→ **RECORDED INFORMATION**
▽
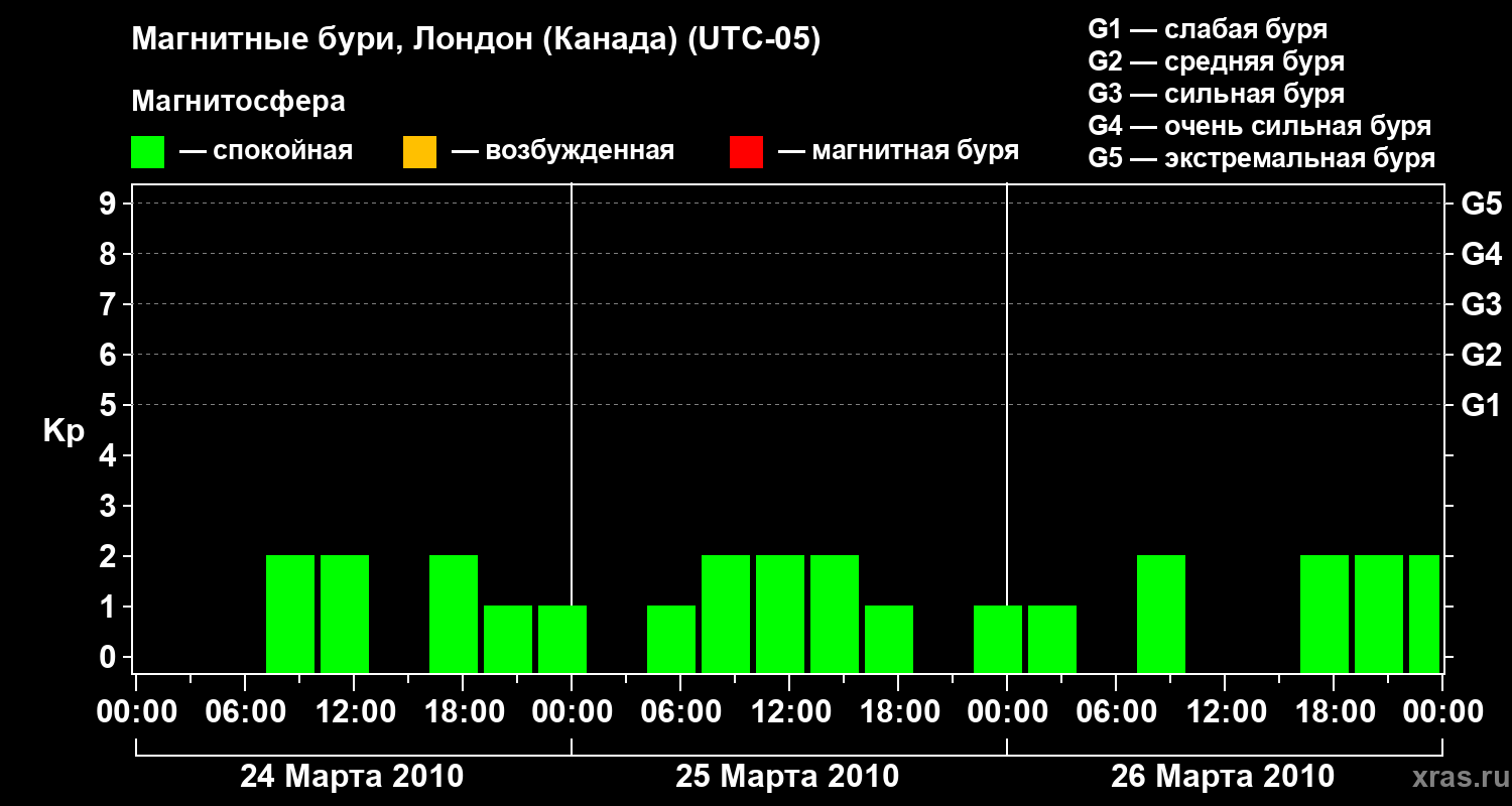 Магнитные бури Лондоне (Канада) 26 марта 2010 года
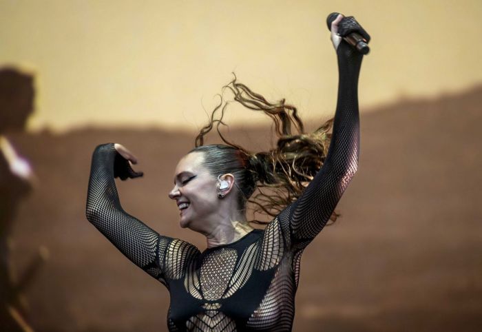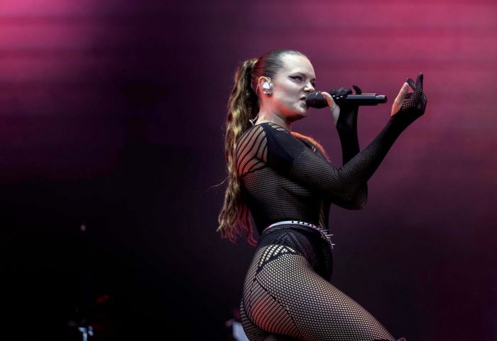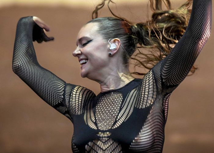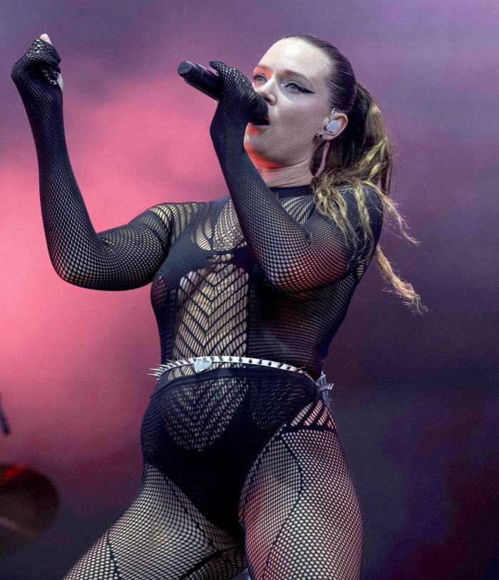 35-летняя шведская певица и автор песен Туве Лу (Tove Lo) в просвечивающем наряде на сцене фестиваля Way Out West показала свою сексуальную грудь.
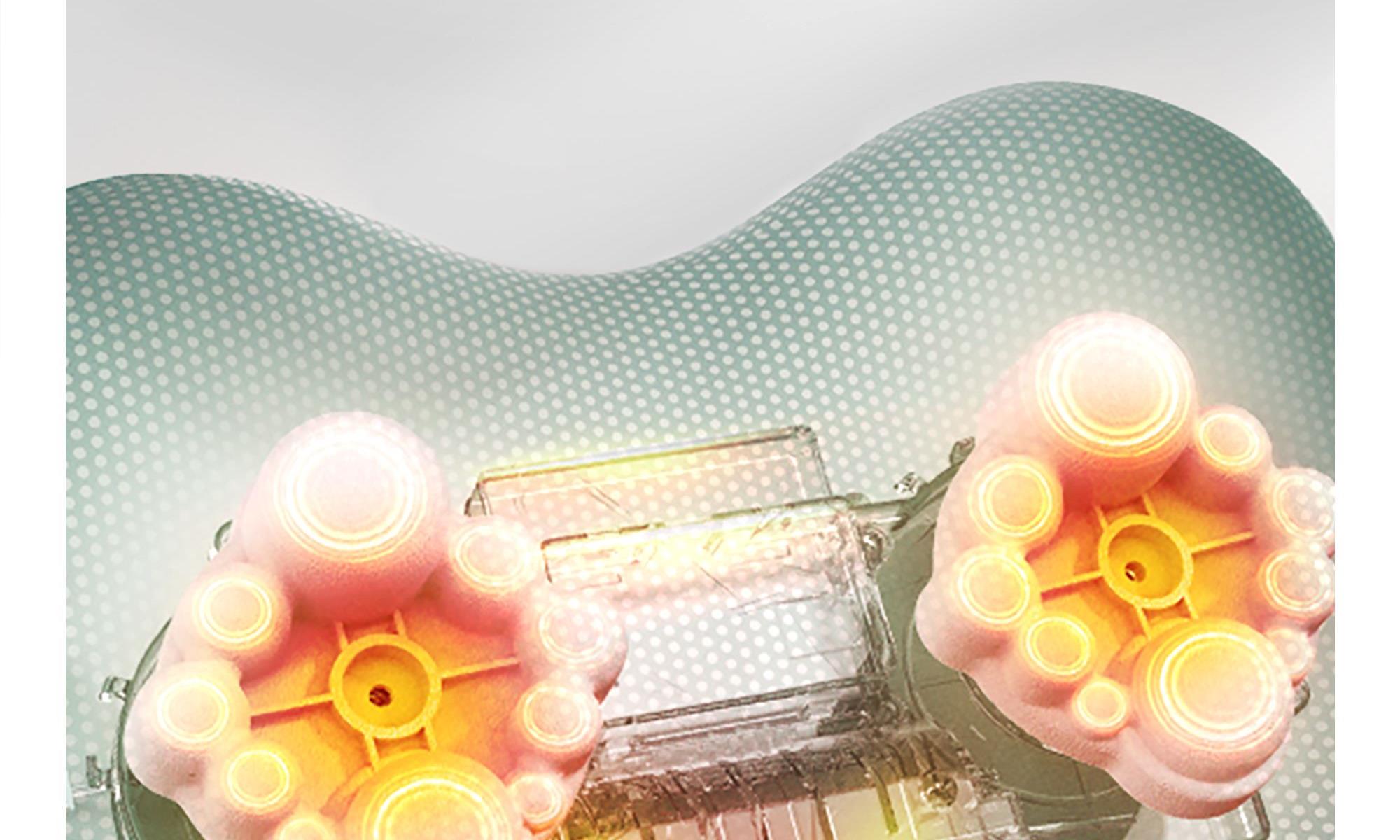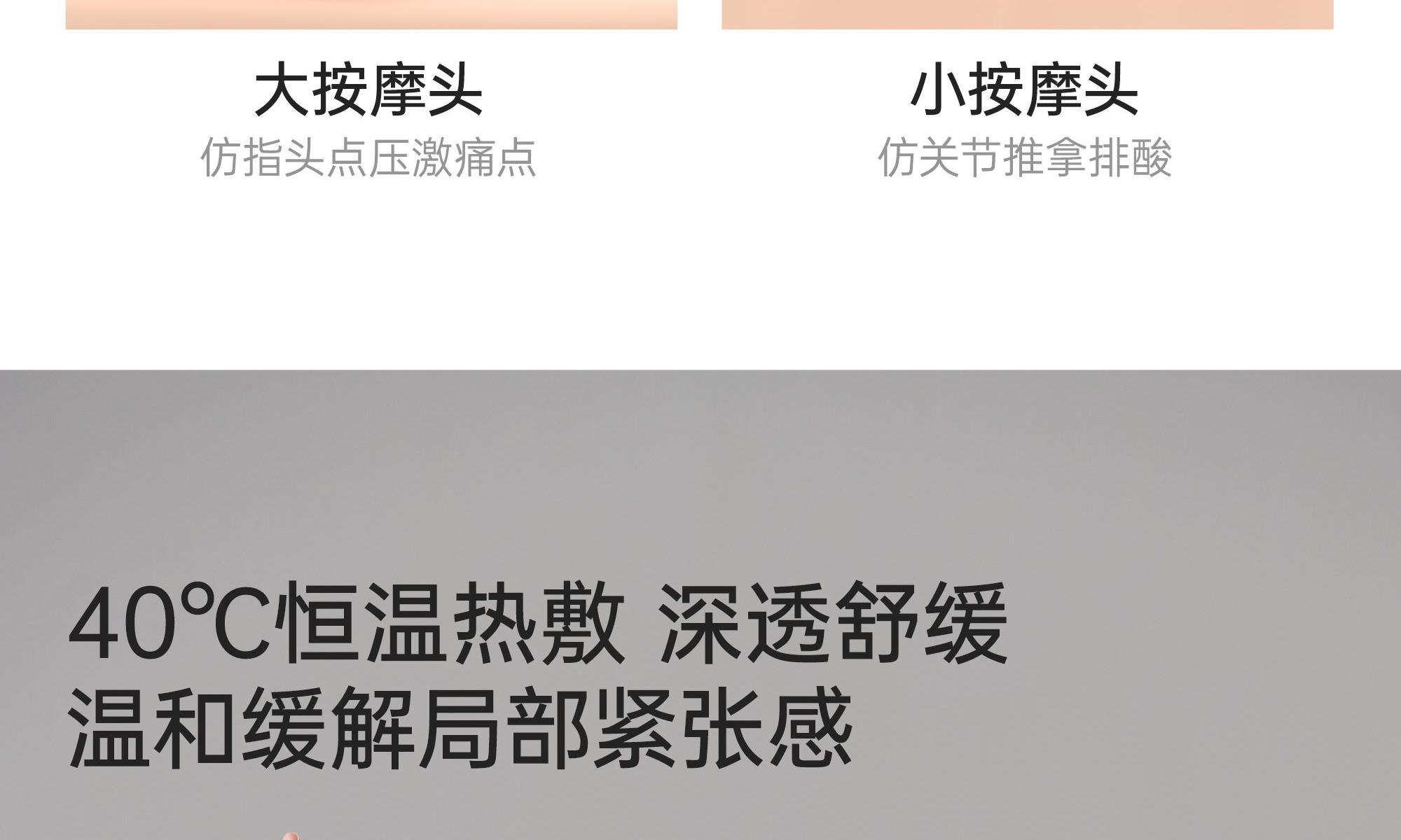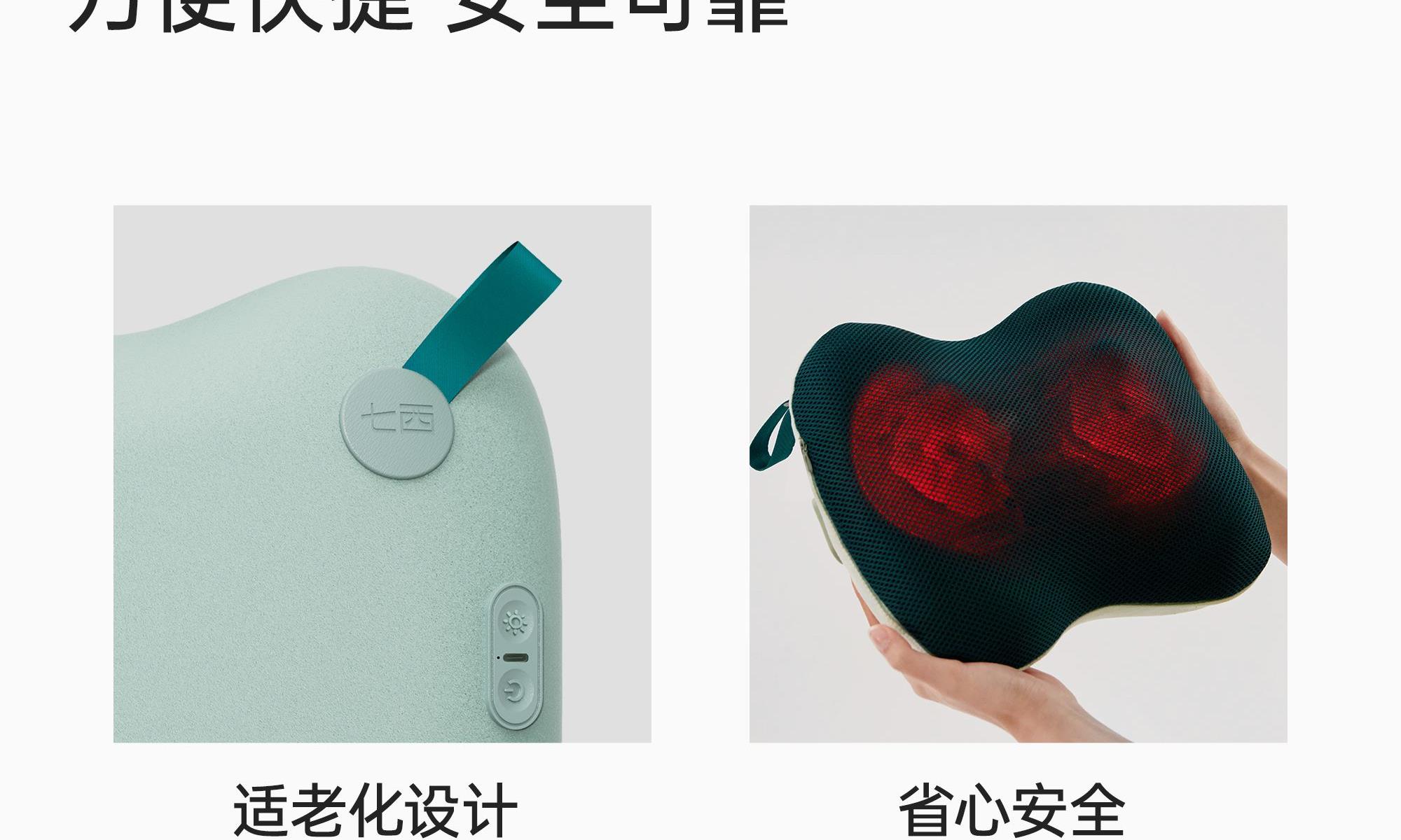 产品规格:310mm*250mm*120mm 产品净重:1.35kg 外箱毛重:2.1kg 外箱尺寸:335*262*119mm 包装方式:彩盒 产品颜色:苏格兰绿/向日葵黄 1、仿指腹按捏,体感舒适 2、体积小,便携利收纳 3、仿人手推揉技法 4、双人工曲线设计,贴合度更高 5、恒温热敷,帮助促进血液循环 6、Type-c充电口,无线使用,居家、办公、车载、出行多场景使用 7.噪音小,续航时间长
△
→ **TASK GOAL**
Send back the data above word for word, with the pictures left out.

→ **COMPLETED EXERCISE**
 Магнитные бури Лондоне (Канада) 26 марта 2010 года
 35-летняя шведская певица и автор песен Туве Лу (Tove Lo) в просвечивающем наряде на сцене фестиваля Way Out West показала свою сексуальную грудь.
 产品规格:310mm*250mm*120mm 产品净重:1.35kg 外箱毛重:2.1kg 外箱尺寸:335*262*119mm 包装方式:彩盒 产品颜色:苏格兰绿/向日葵黄 1、仿指腹按捏,体感舒适 2、体积小,便携利收纳 3、仿人手推揉技法 4、双人工曲线设计,贴合度更高 5、恒温热敷,帮助促进血液循环 6、Type-c充电口,无线使用,居家、办公、车载、出行多场景使用 7.噪音小,续航时间长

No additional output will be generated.